3.1 Approaches to the Chief Executive of the North West Development Agency have brought information about the North West Health Partnership which meets under the NWDA umbrella. It is chaired by Kath Reade, Chair of East Lancashire Health Authority, a member of the NWDA Board, and a former leader of Burnley Council. Membership is drawn from the NWDA itself, the NHS in the North West, the North West Regional Assembly, Government Office for the North West, the Health and Safety Executive, the North West TUC, the voluntary sector and others.

3.2 Our interest in developing links with the NWDA on social care and related matters was reported to the last meeting of the North West Health Partnership, resulting in an invitation from Kath Reade to nominate a representative to attend future meetings. Social Services is already represented by Ken Foote, Director of Social Services for Blackburn on behalf of ADSS North West Branch. It seems appropriate however that the overall strength of Social Services on such a body should be more than one person, and that Social Services North West could properly contribute a member perspective to the Partnership's deliberations.

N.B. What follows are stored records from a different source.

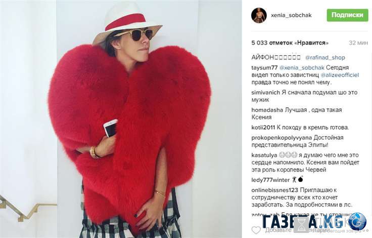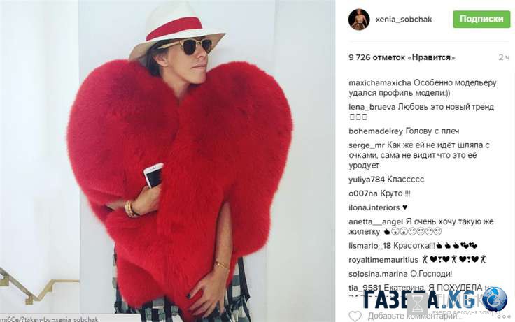 Ксения Собчак, видимо, уже не знает, как скрывать свой округлившийся животик и ее наряды постепенно становятся все свободнее. Собчак выложила снимок, на котором она одета в огромную сердцеобразную шубу, ярко-красного цвета. На голове Ксении красуется шляпа, а на лице очки. Новый образ звезды, сразил поклонников наповал и некоторые даже не узнали Ксюшу, перепутав ее с мужчиной. Под снимком телеведущая оставила комментарий, написав, что собирается на кастинг фильма «Алиса в Зазеркалье» и желает сыграть роль Королевы Сердец.
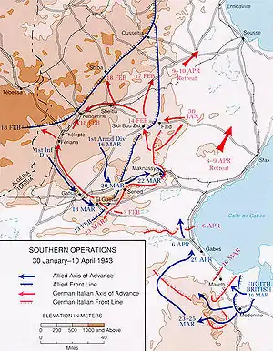 Os Estados Unidos não conseguiu tirar proveito do fracasso alemão, no entanto, passaram várias semanas frustrantes tentando empurrar a infantaria italiana para fora das duas colinas estratégicas na estrada para Gabès. Grandes tentativas repetidas fariam progresso, apenas para ser empurrado para trás por pequenas unidades da 10ª ou 21ª Panzer que se conduzem até a estrada de Gabès em uma hora ou assim. Melhor apoio aéreo teria feito esta "defesa móvel" difícil, mas a coordenação entre o ar e as forças terrestres permaneceu um problema sério para os Aliados.
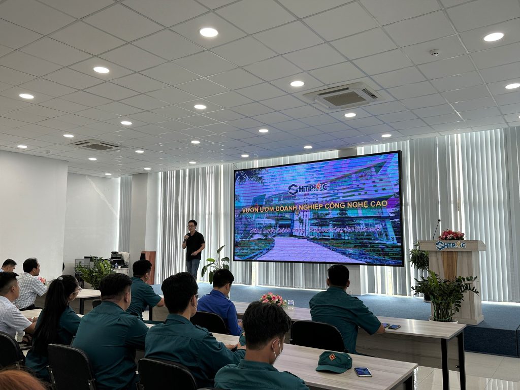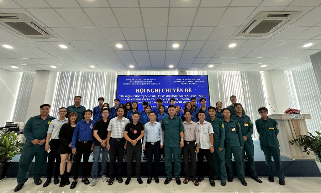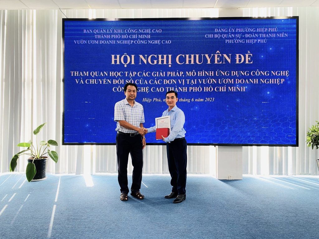 Chi bộ Quân sự và Đoàn thanh niên phường Hiệp Phú đã có buổi tham quan và học tập tại Vườn ươm Doanh nghiệp Công nghệ cao, tìm hiểu về các mô hình giải pháp ứng dụng chuyển đổi số đến từ các startup công nghệ ươm tạo tại Vườn ươm. Bên cạnh đó, các anh chị cũng được nghe giới thiệu về gannha.com và Gremsy, tham quan không gian làm việc và các hoạt động thử nghiệm, điều khiển sản phẩm ngay tại khuôn viên Vườn ươm; học hỏi thêm về các dự án công nghệ đang được ươm tạo tại showroom của Vườn ươm.
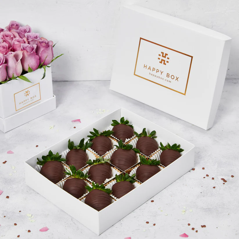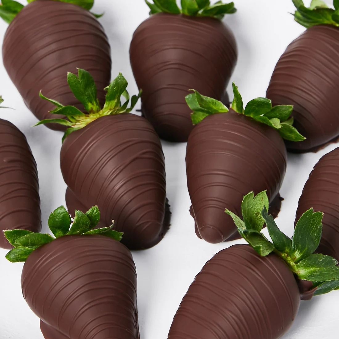 For our dark chocolate lovers. Fresh Strawberries, hand dipped and drizzled with delicious 65% dark swiss chocolate.

3.3 The main task of the group to date has been to work on a Regional Health Investment Plan, and it is intended shortly to arrange an event to allow key partners to consider the draft plan before it is finalised. This is particularly timely in view of the proposal in the NHS Plan that there will by 2002 be new single, integrated public health groups across NHS regional offices and government offices of the regions. These are intended to enable regeneration of regions to embrace health as well as the environment, transport and inward investment. It is suggested that the North West Health Partnership could be the embryo of that group.

3.4 In the light of this development, it would seem a particularly opportune time for a member of Social Services North West to join the group.

4. Recommendation:

That a member of Social Services North West be nominated to join the North West Health Partnership.